For instance, if the apo or predicted structures are low quality or contain very different atom annotations than the holo structure, it is very possible that the holo structure will be modified significantly and no longer accurately represent the original structure.
This can be especially pronounced when using both apo and predicted, as any differences between apo and predicted will then propagate to the holo structure equally.
holo_cropped, apo_cropped, pred_cropped = ps.create_masked_bound_unbound_complexes(monomer_types=["apo"], renumber_residues=True)
(
holo_cropped.atom_array.shape[0],
apo_cropped.atom_array.shape[0],
pred_cropped.atom_array.shape[0],
)
(756, 756, 3598)
We specified monomer_types
apo, but got a tuple of structures that included the predicted complex, why?#
In order to address the concern outlined above, unless explicitly requested via monomer_types (default is ["apo", "predicted"]
), the other monomer type will not be cropped.
Now we have the apo structure and holo structure with identical shapes. What if we wanted to also include the predicted complex?

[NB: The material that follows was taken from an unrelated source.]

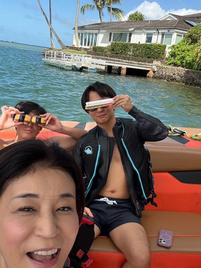 さらに、満面の笑みを浮かべた高嶋さんとともに、息子たちが各々好きなポーズをしてパシャリ!ランチョンミートがのったおにぎりやお箸で目元を隠す、ユーモアあふれた1枚になっています。

holo_cropped, apo_cropped, pred_cropped = ps.create_masked_bound_unbound_complexes(monomer_types=["apo", "predicted"], renumber_residues=True)
(
holo_cropped.atom_array.shape[0],
apo_cropped.atom_array.shape[0],
pred_cropped.atom_array.shape[0],
)
(756, 756, 756)
In this case, including the predicted monomer did not further mutate the holo or apo structures. In other systems, it may.